Abstract

AbstractForest fire spreading is a complex phenomenon characterized by a stochastic behavior. Nowadays, the enormous quantity of georeferenced data and the availability of powerful techniques for their analysis can provide a very careful picture of forest fires opening the way to more realistic models. We propose a stochastic spreading model continuous in space and time that has the potentiality to use such data in their full power. The state of the forest fire is described by the subprobability densities of the green trees and of the trees on fire that can be estimated thanks to data coming from satellites and earth detectors.

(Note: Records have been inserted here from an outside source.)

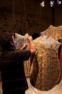 Originale ed evocativa la sua proposta di Marella Ferrera, concept creator della mostra, per le austere sale al piano terra di Castello Ursino dove , grazie alla collaborazione con il Teatro Stabile di Catania, grandi cubi in legno diventano volumi espositivi, come telai dove i fili della narrazione di “Pezze di Storia” tracciano trama e ordito. Cubi trasformati in visionarie “stanze della memoria” e veli di tulle color fango a creare una patina del tempo che sbiadisce i contorni degli oggetti e li proietta in una dimensione spazio-temporale lontana dal presente. Stanze della memoria, quelle della Ferrera, dove affacciarsi e curiosare come per gioco alla scoperta delle sorprendenti e segrete meraviglie del Castello Ursino.
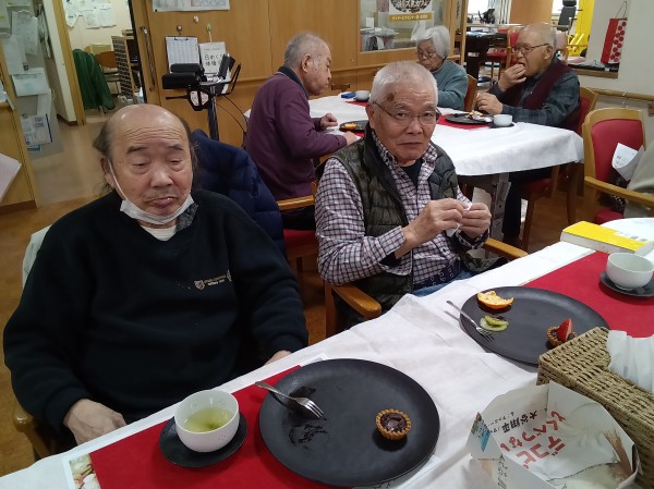 お次は職員特製、生チョコタルトと煎茶です(*^-^*)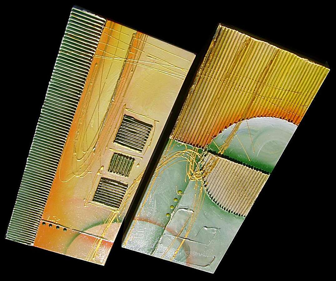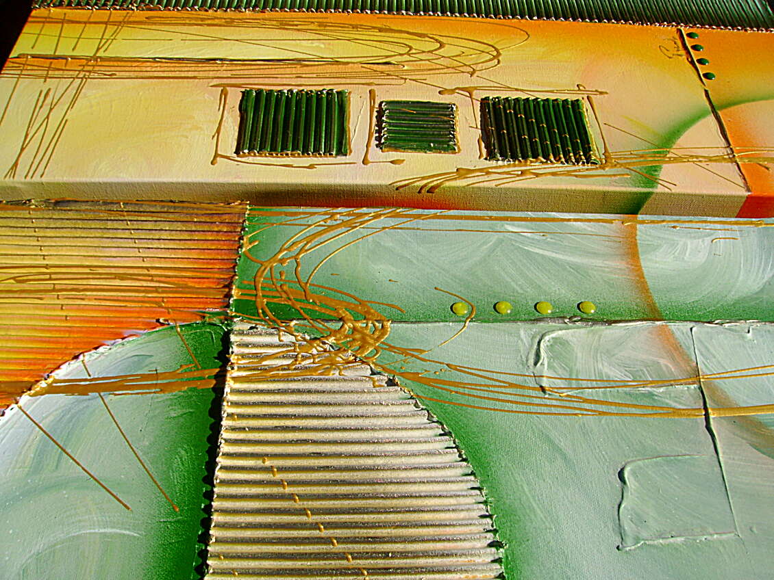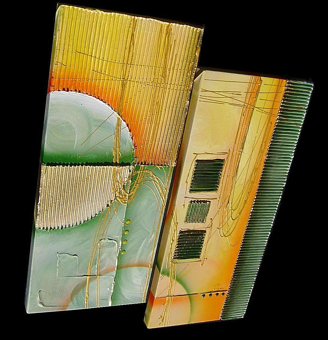 Opera realizzata in tecnica mista ,mediante l'utilizzo di colori acrilici , olii e metallici , paste acriliche , inserti. L'opera , e' composta da 2 tele 30 x 70 x 4 cm . Il prezzo di vendita e' di 220 ,00 euro+spsp

The fire dynamics is encoded into a kernel function that can take into account wind conditions, land slope, spotting phenomena, and so on, bringing to a system of integrodifferential equations whose solutions provide the evolution in time of the subprobability densities. That makes the model complementary to models based on cellular automata that furnish single instantiations of the stochastic phenomenon. Moreover, stochastic models based on cellular automata can be derived from the present model by space and time discretization. Existence and uniqueness of the solutions is proved by using Banach's fixed‐point theorem. The asymptotic behavior of the model is analyzed as well. By specifying a particular structure for the kernel, we obtain numerical simulations of the fire spreading under different conditions. For example, in the case of a forest fire evolving toward a river, the simulations show that the probability density of the trees on fire is different from zero beyond the river due to the spotting phenomenon. The kernel could be slightly modified to include firefighters interventions and weather changes.